一氧化氮对常温贮藏下芒果果实软化和细胞壁代谢的影响

为了探明一氧化氮(NO)抑制采后芒果软化的作用机理,将"台农"芒果果实在0.25 mmol/L硝普钠(SNP,NO供体)溶液浸泡处理20 min,常温(20±2) ℃贮藏20 d,定期测定果实硬度、细胞壁组分含量、细胞壁水解酶活性。结果表明,与未处理果实相比,SNP处理显著降低贮藏20 d内果实中多聚半乳糖醛酸酶(PG)活性(p<0.05),显著抑制贮藏10 d内果实纤维素酶(CX)(p<0.05)活性,极显著抑制β-半乳糖苷酶(β-Gal)和α-L-阿拉伯呋喃糖苷酶(α-L-Af)活性(p<0.01),但使贮藏15~20 d期间果实CX和β-Gal活性及贮藏第20 d的α-L-Af活性均显著增加(p<0.05)。SNP处理显著抑制贮藏5 d内果胶甲酯酶(PME)活性(p<0.05),但在贮藏10~20 d期间保持较高的PME活性(p<0.05)。此外,SNP处理极显著延缓原果胶和纤维素的降解(p<0.01),减少可溶性果胶含量的增加(p<0.05),从而降低贮藏期间果实硬度的损失。硬度与原果胶、纤维素含量均呈极显著正相关(p<0.01),而与CX活性呈显著负相关(p<0.05),与可溶性果胶含量、PG、β-Gal和α-L-Af活性均呈极显著负相关(p<0.01)。可溶性果胶含量与纤维素含量呈极显著负相关(p<0.01),而与α-L-Af活性均呈显著正相关(p<0.05),与PG和β-Gal活性均呈极显著正相关(p<0.01)。因此,采后SNP处理可以通过调节果实细胞壁降解酶活性,减少细胞壁组分的降解,从而延缓芒果采后软化,延长贮藏期。
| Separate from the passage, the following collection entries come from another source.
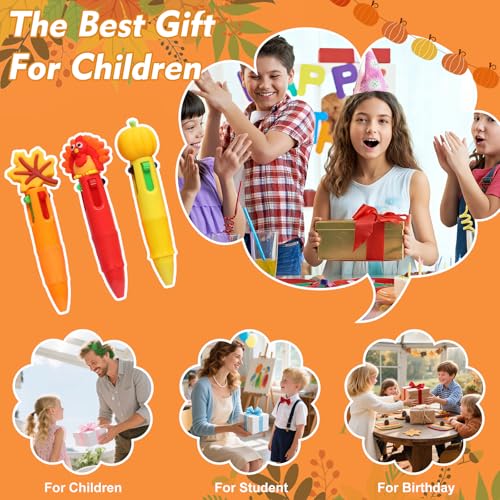 100 Pcs Thanksgiving Colorful Multicolor Pen in One Cartoon Cute Fun 4-in-1 Cute Pens Bulk Kawaii Maple Leaves Pumpkins Scarecrows and Turkeys Shape Cool Ballpoint Pens for Kids Fun Gifts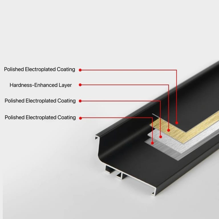 Crafted from aluminum alloy, this handle is manufactured using a cold extrusion process to ensure a dense structure of the blank. After forming, it undergoes ultrasonic cleaning to remove contaminants, followed by anodization treatment. The edges are precision-finished and the curves polished to a smooth roundness using CNC equipment. The finished product must pass multiple tests including load-bearing, salt spray, and wear resistance to guarantee durability and safety.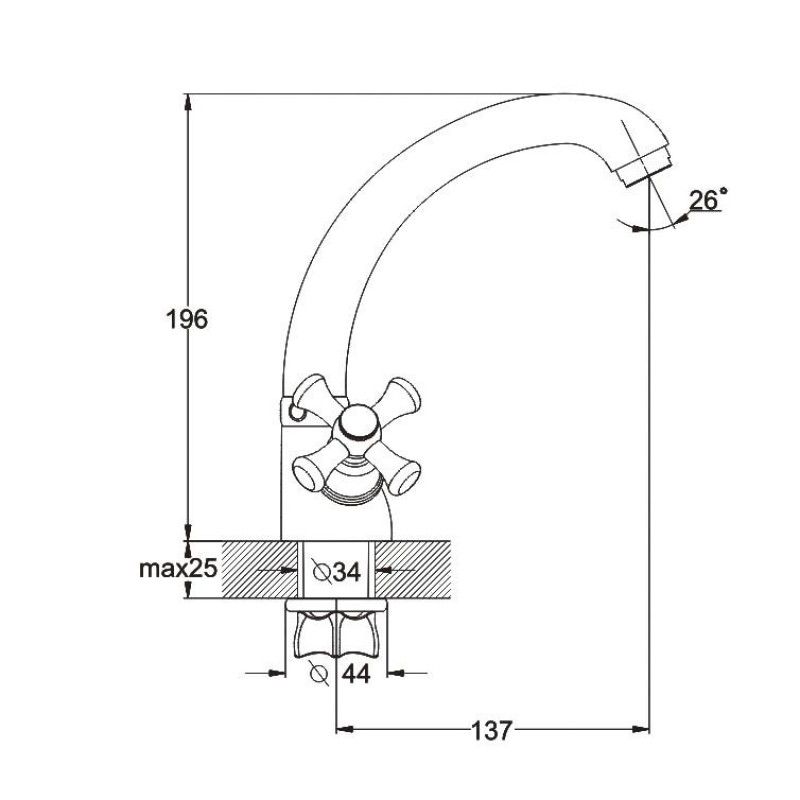 Змішувач для умивальника/кухня WEZER TLC1-827, хром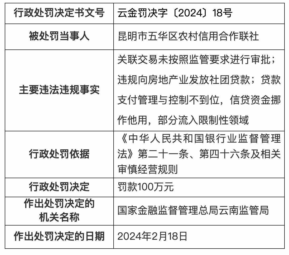 雲金罰決字〔2024〕18號顯示,昆明市五華區農村信用合作聯社被罰款100萬元。主要違法違規包括:關聯交易未按照監管要求進行審批;違規向房地產業發放社團貸款;貸款支付管理與控制不到位,信貸資金挪作他用,部分流入限制性領域。

Effect of Nitric Oxide on Softening and Cell Wall Metabolism of Postharvest Mango

To elucidate the inhibitory mechanism of nitric oxide (NO) on softening of postharvest mango (Mangifera indica L.) fruit, mango fruits at green mature stage were dipped into 0.25 mmol/L sodium nitroprusside (SNP, a nitric oxide donor) solution for 20 min and storage at (20±2)℃ for 20 d. During storage, fruit firmness, cell wall component, and activities of cell wall degrading enzymes were investigated at regular intervals. The results showed that SNP treatment significantly suppressed the activities of polygalacturonases (PG) (p<0.05) during storage period of 20 d, and significantly inhibited the activities of cellulose (CX) (p<0.05), β-galactosidase (β-Gal) (p<0.01) and α-L-arabinofuranosidase (α-L-Af) (p<0.01) during storage period of 10 d. However, it significantly increased the activities of CX and β-Gal (p<0.05) from 10 d to 20 d, and α-L-Af activity (p<0.05) on the 20 th day, as compared with control fruit. SNP treatment significantly inhibited the increase of pectin methylesterase (PME) activity during storage period of 5 d (p<0.05), but maintained higher PME activity from 10 d to 20 d (p<0.05). In addition, SNP treatment delayed the degradation of propectin and cellulose extremely significantly (p<0.01), and inhibited the increase of soluble pectin content (p<0.05), therefore delayed the loss of fruit firmness, as compared with control fruit. There were extremely significant positive correlations between fruit firmness and the contents of propectin and cellulose (p<0.01), however, there were significant negative correlations between fruit firmness and the activity of CX (p<0.05), soluble pectin content (p<0.01) and the activities of PG, β-Gal and α-L-Af (p<0.01). There were extremely significant negative correlations between soluble pectin content and cellulose content (p<0.01), however, there were significant positive correlations between the soluble pectin content and the activitiy of α-L-Af (p<0.05), the activities of PG and β-Gal (p<0.01). Thus, it could be concluded that SNP treatment could delay fruit softening of postharvest mangoes by regulating cell wall degrading enzyme activities and decreasing the degradation of cell wall component, which would help to maintain the integrity of cell wall structure.